Update configuration across datasets

You can also manage all of your dataset configurations at once using the the update all dataset configurations route. Use the server_configuration parameter to pass in a new configuration for all datasets in the organization.

Example of updating all dataset configurations in an organization:

curl --request POST \
  --url https://api.trieve.ai/api/organization/update_dataset_configs \
  --header 'Authorization: <api-key>' \
  --header 'Content-Type: application/json' \
  --header 'TR-Organization: <tr-organization>' \ // Specify the organization whose dataset configurations you want to update
  --data '{
  "organization_id": "********-****-****-****-************",
  "server_configuration": {
    // Keys that you would like to change
  }
}'

Only the specified keys in the server_configuration object will be updated for each dataset, keeping the unique values for other fields unchanged.

Creating an Organization

It is very rare that you would need to create an organization through the API, but it is possible and explained below.

The main route we use to expose this functionality is the create organization route. Use the name parameter to pass a arbitrary, unique name which will be used to identify the organization.
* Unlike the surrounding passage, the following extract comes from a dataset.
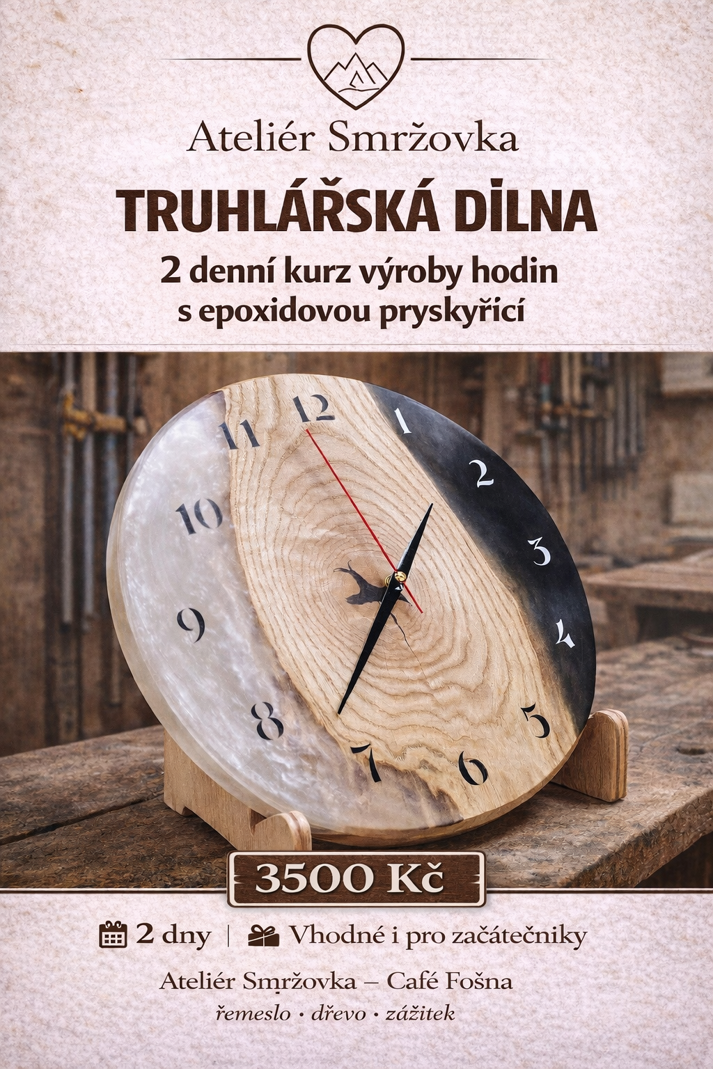 - Z kurzu si odnesete vlastnoručně vyrobené originální designové hodiny.

We recommend that you create seperate organizations for your main application as well as a staging environment for testing.

Example of creating an organization on demand through the API:

curl --request PUT \
  --url https://api.trieve.ai/api/organization \
  --header 'Authorization: <api-key>' \
  --header 'Content-Type: application/json' \
  --header 'TR-Organization: <tr-organization>' \
  --data '{
  "name": "My Organization" // Replace with a unique name for your organization
}'